The numerical global atmosphere-chemistry model EMAC (ECHAM/MESSy Atmospheric Chemistry) is a modular application used for climate modeling simulations . EMAC uses the chemical kinetic module MECCA , utilizing the Kinetic Pre-Processor (KPP) general purpose open-source software tool  to calculate the concentrations and the interactions between different chemical species in the atmosphere. Numerically, solving atmospheric chemical kinetics is one of the most computationally intensive tasks in atmospheric chemical transport simulations.
The MECCA sub-model uses KPP to numerically solve ordinary differential equations (ODE) describing atmospheric chemical kinetics. KPP takes as input chemical reactions written in a domain-specific language and produces C and FORTRAN compatible code. The output ODE solver allows for the temporal integration of the full kinetic system. KPP utilizes the sparsity of the Jacobian matrices to increase the efficiency of the solver .
In typical climate simulations, chemical kinetics can take up to 90% of execution time . To address this computational challenge, this paper presents a source-to-source parser that transforms the output of KPP from FORTRAN to GPU accelerated code by generating a CUDA  compatible solver . The goal is to significantly improve the performance of numerical chemical kinetics (in terms of time-to-solution and problem complexity) in climate simulation models using GPU accelerators.
The software provides a purpose-built acceleration pathway for EMAC, rather than the general closed source solution KPP-A , which generates GPU-accelerated code from KPP-language directly.
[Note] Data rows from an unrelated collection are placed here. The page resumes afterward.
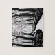 Das Design ist ein Schwarz-Weiß-zeichn eines Weges in einem Wald. Es gibt einen kleinen Spazierweg durch diesen Wald, wo Beobachter lila abstrakte Blätter bemerken werden, die über den Wald ragen.
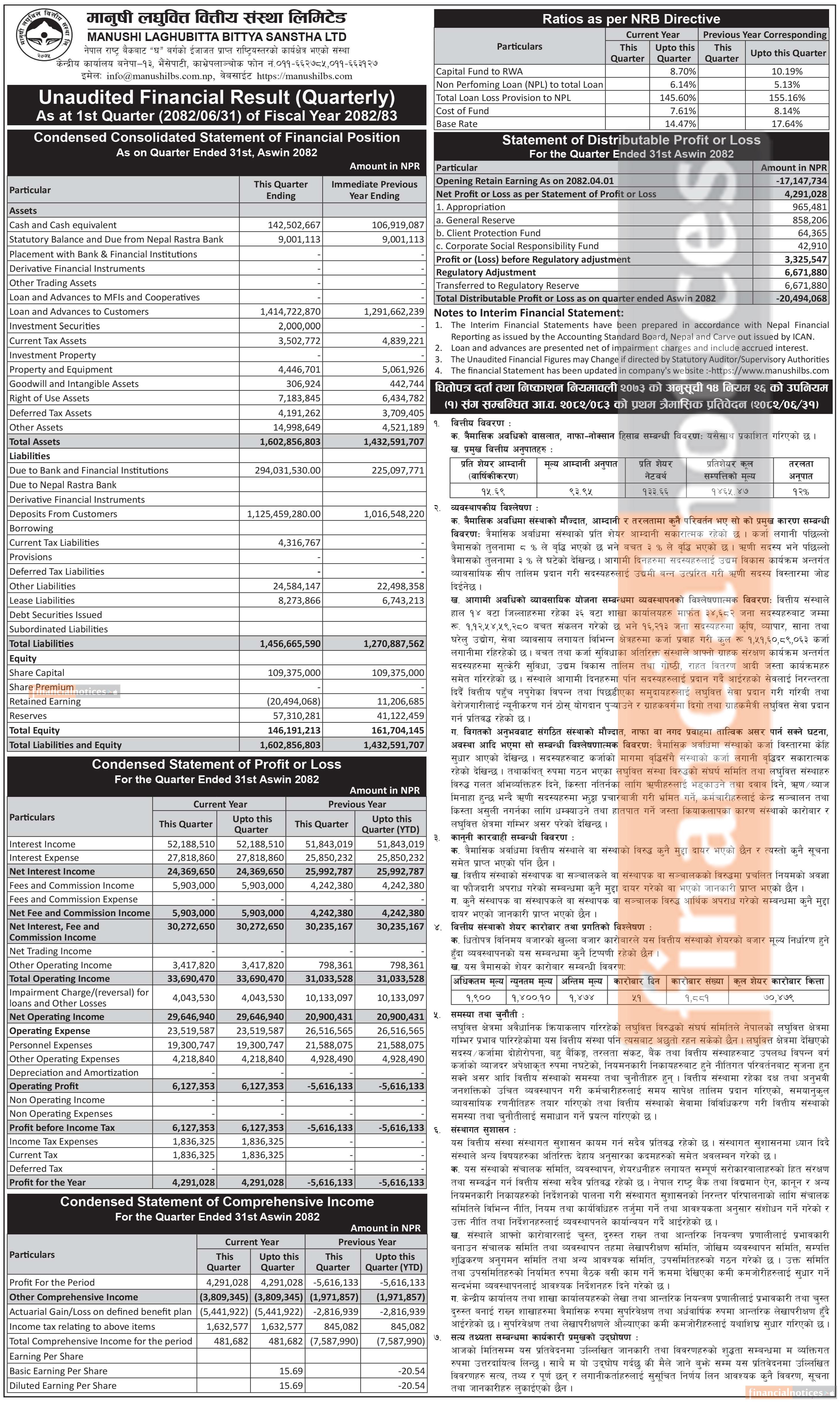 मानुषी लघुवित्तको पहिलो त्रैमासमा खुद नाफा ४२ लाख ९१ हजार रुपैयाँ - Q1 Report -
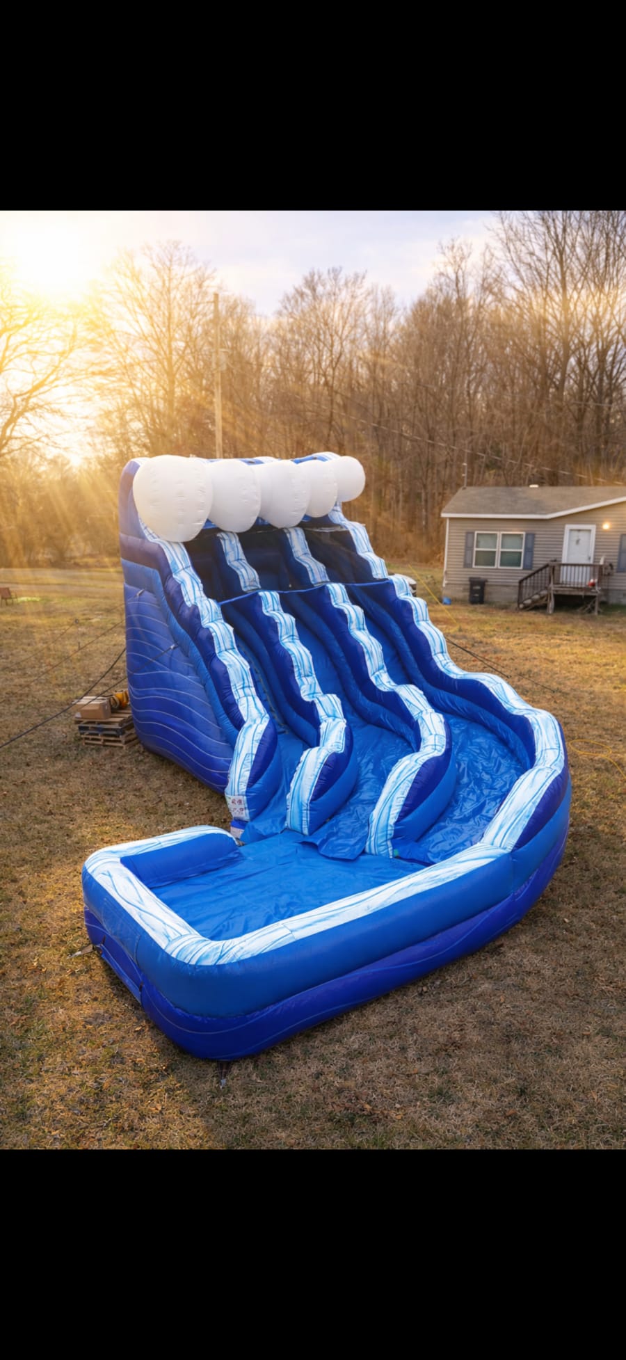 We provide reliable water slide rentals across Dickson, Cheatham, Hickman, Humphreys, Robertson, and Williamson counties. 🚚 Reserve the 19 ft Blue Wave Marble Double Lane Curved Water Slide now to secure your date. Limited availability during peak season—book early for the best weekend slots!
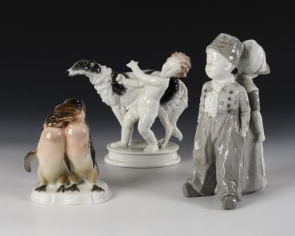 1x Heubach: Kinderpaar in holländischer Tracht (H 23 cm). / 2x Rosenthal: Modell-Nr. 693, Pinguinpaar (H 14,5 cm) und Modell-Nr. 1282, Knabe mit Windhund (H 17,5 cm)
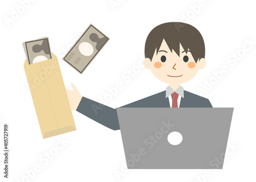 © とりがらし, Obraz premium ノートパソコン お金 副業
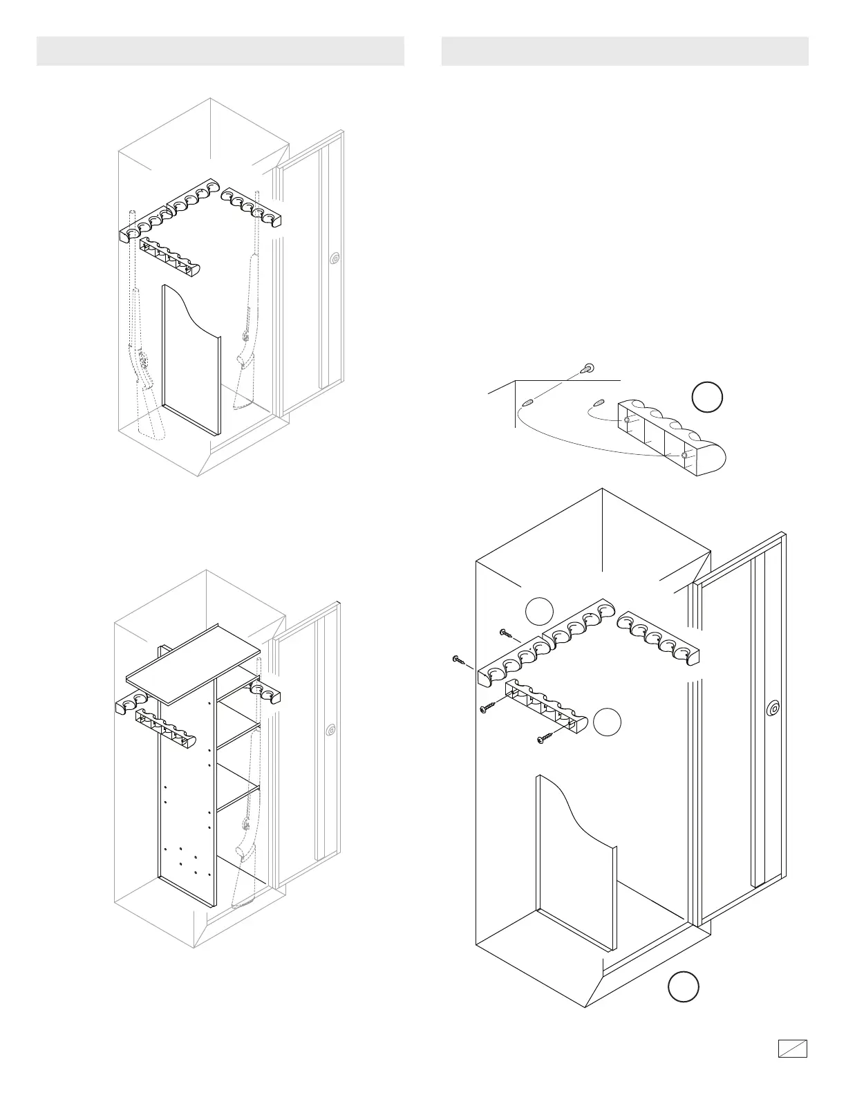 Install the 4-position barrel rests (A) to the back of the cabinet

There have also been similar efforts in the WRF-Chem model .
The implementation uses a source-to-source parser written in the Python programming language to generate a CUDA  compatible solver, by parsing the KPP preprocessor auto-generated FORTRAN code. Each GPU thread calculates the chemical concentrations of an individual cell. The solver uses the temporary arrays between different steps and they are allocated in the stack memory with the exception of the RCONST array that is stored in global memory. The memory required for temporary arrays depends on the configuration of the chemistry and can go up to 50 KB per CUDA thread. The intermediate values are stored in temporary arrays using the double representation. The accelerated code uses 3 KB of shared memory and 0.5 KB of constant memory when indirect arrays are not used. The parser allocation additional constant memory up to 2 KB when indirect accesses are used. All the methods that are available in the KPP numerical library under MECCA are supported.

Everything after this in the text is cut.